Ей нередко писали из столицы — письма от мужчин она неизменно приносила ему, хотя он и не просил. Изощрённой пыткой казалось ему читать о том, как они восхищаются его женой, но Лиза настаивала, желая избежать недомолвок.

Часто ей писал Лев. С годами интонации его переменились — он всё более недовольно отзывался о свете, о столице, о власти.


«Здѣсь нѣтъ свободы — и уже не будетъ. Нѣтъ ни мысли, ни ​вѣры​ — лишь одержимость въ притѣсненіи. Если вы всё еще думаете, что сможете жить тутъ, я скажу прямо — для васъ то будетъ невозможно. Вамъ не дадутъ того, какъ не даютъ и мнѣ. Я подъ постояннымъ подозрѣніемъ, не только власти — народъ презираетъ меня. ​Эти​ люди охотно принимаютъ блага, но боятся всякихъ перемѣнъ. Для нихъ я ​—​ вѣроотступникъ, не такой, моя ​вѣра​ — не та, но что имъ извѣстно о моей ​вѣрѣ​? Кличутъ безбожникомъ, но развѣ не ​они​ сами таковы?

Вы сами понимаете, что это значитъ для васъ. Хочу вѣрить, глупцовъ — меньшинство, но кричатъ ​они​ громче, оттого никакой любви къ вамъ не останется такъ скоро, какъ скоро вы начнете заявлять о себѣ откровенно. Люди лишь стадо, пугливое, безцѣльное. Я знаю, вы не сможете молчать, а значитъ, здѣсь вамъ не дадутъ дышать, васъ сдѣлаютъ чужой, заставятъ сдаться, но вы не сдадитесь, и тогда это общество попытается васъ сломить…»


Ах если бы подобное до них пытался донести только он! Каждый, кто желал Лизе добра, прямо или иносказательно заявлял о том, что лучшее место для неё — где угодно, но не в Петербурге. Демид и сам так считал, но всё не мог определиться, куда им податься. Ведь едва ли их нежелание возвращаться в столицу примут при дворе, а значит, отправиться нужно туда, где их будет трудно достать.

Пока они продолжали путь вместе с определённым им эскортом.

— Письмо от Ильи! — радостной выкрик вырвал Демида из размышлений. Лиза всегда радовалась вестям от братьев, и всё же именно к Илье Демид испытывал особую ревность.

— И что там?

— Пишет из Стамбула. Удивительно, что письмо нашло нас!

— Предопределение, — ответил Демид так, как всегда отвечала Лиза.

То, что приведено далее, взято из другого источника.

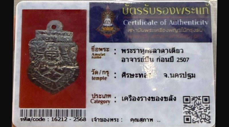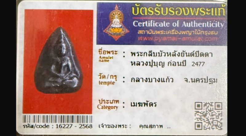 เจ้าของพระ มงคลธรรม รหัสบัตร 16638 – 2568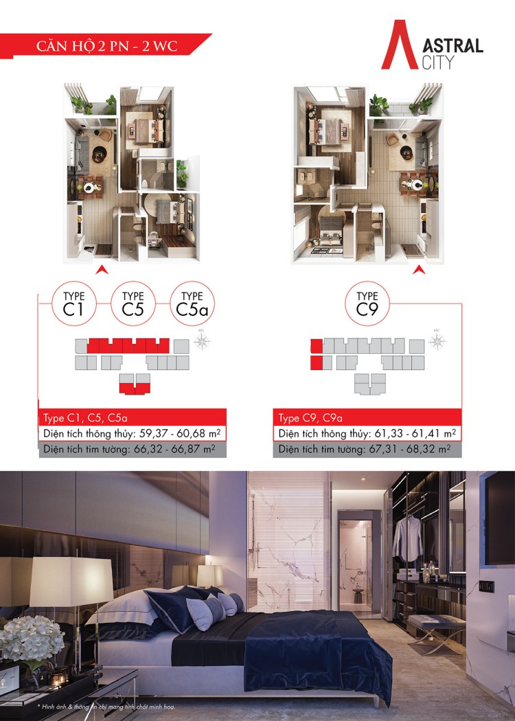 - Căn hộ 2PN + 2WC có diện tích từ 62m2 – 70m2 đặc biệt thích hợp với những gia đình 2 vợ chồng và 2 con nhỏ.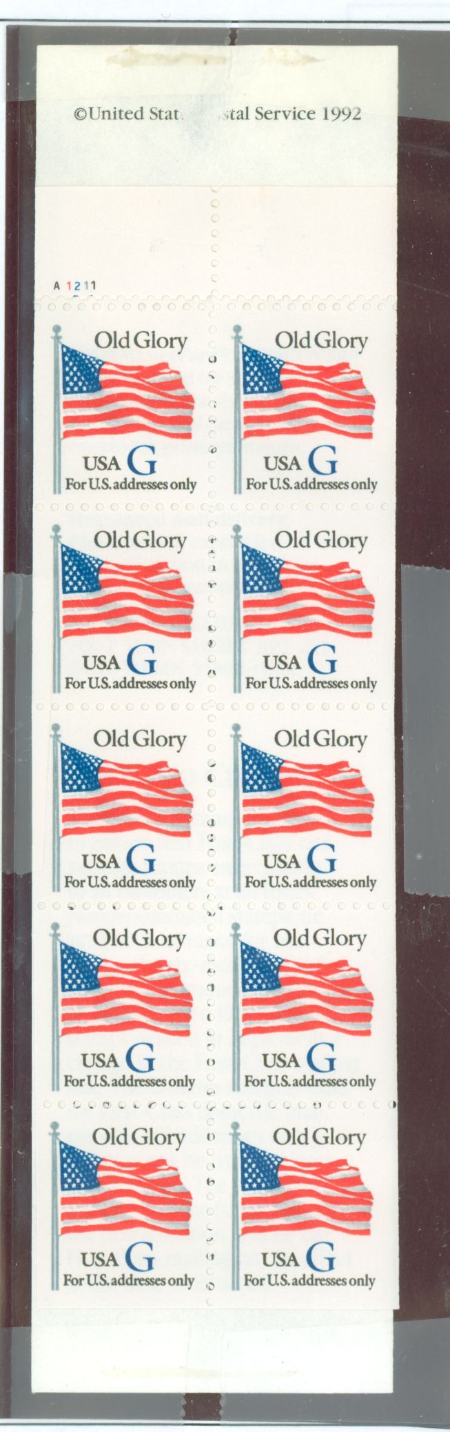 Blue G. One booklet pane of 10 with booklet cover. Normal fold at one perf rowAPS Stamp Id: 502062651

Он внимательно следил за тем, как менялось её лицо: по мере прочтения Лиза становилась всё грустнее.

— Плохие вести?

— Нет, хорошие. У него всё хорошо, просто… такое чувство, что мы уже не встретимся больше никогда.

Илья писал о своём путешествии и, казалось, наконец он нашёл себя.


«Здѣсь всё иначе, ​чѣмъ​ въ Россіи, Лиза. Насъ всегда пытались убѣдить, что османы — ​варвары​, но почти каждый здѣсь — ученый, философъ, духовный наставникъ. ​Они​ не боятся знаній. Намъ внушали, что слова Господни — лишь для рукоположенныхъ, что мы, ​обычные​ люди, не въ правѣ размышлять о нихъ, а лишь должны слушаться ихъ, знающихъ. Здѣсь же знать Писаніе — обязательство, ​они​ учатъ его съ первыми же своими словами, на томъ языкѣ, на которомъ оно написано.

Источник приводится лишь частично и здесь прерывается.